Earlier this week, APC submitted a letter signed by nearly 2,000 prescribers of compounded hormones to FDA Commissioner Robert Califf, urging FDA to assure continued patient access to compounded hormone therapy.

“This letter is an extraordinary demonstration of support for APC’s efforts to protect access to compounded hormones, and it’s all thanks to the APC members and partners who reached out to prescribers they worked with and urged them to sign the letter,” said APC CEO Scott Brunner. “Thank you, thank you, thank you to those members who answered our call for help on this project.”

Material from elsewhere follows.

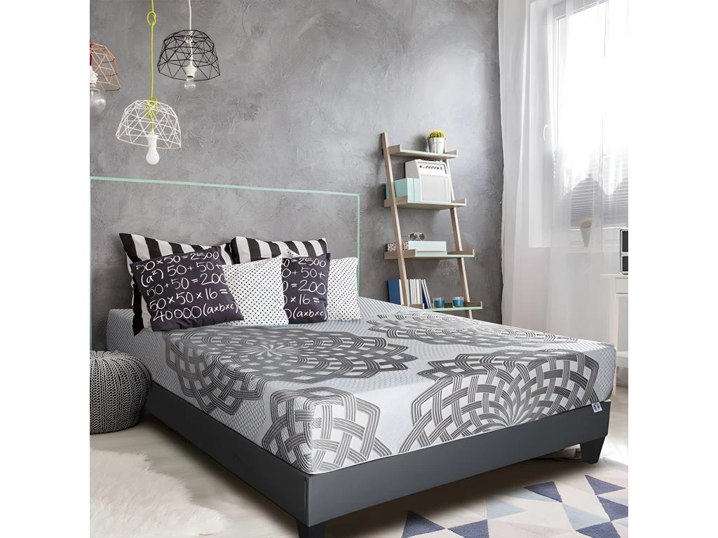 - Âme intérieure du matelas (certifiée CertiPUR) : 17,5 cm de mousse Haute Densité de 33 kg/m³ + 6,5 cm de mousse viscoélastique à mémoire de forme de 60 kg/m³

The letter addressed the flawed 2020 report FDA commissioned from the National Academies of Sciences, Engineering, and Medicine (NASEM), and what the repercussions would be should FDA use that report as the basis for restricting access to compounded hormones

The prescribers also noted that access to compounded medications provides the ability for them to uniquely tailor and personalize medications to meet the needs of individual patients for whom, in the prescriber’s judgment, commercially available drugs are not suited. Therefore, by implementing across-the-board restrictions on compounded hormones, the letter stated that that these would interfere with the practice of medicine and prevent them from treating their patients.

The signers closed the letter expressing support for expanded education on the use of bioidentical hormones for all healthcare practitioners involved in caring for patients, as well as creation of a reasonable, consistent framework for adverse event reporting for compounded medications.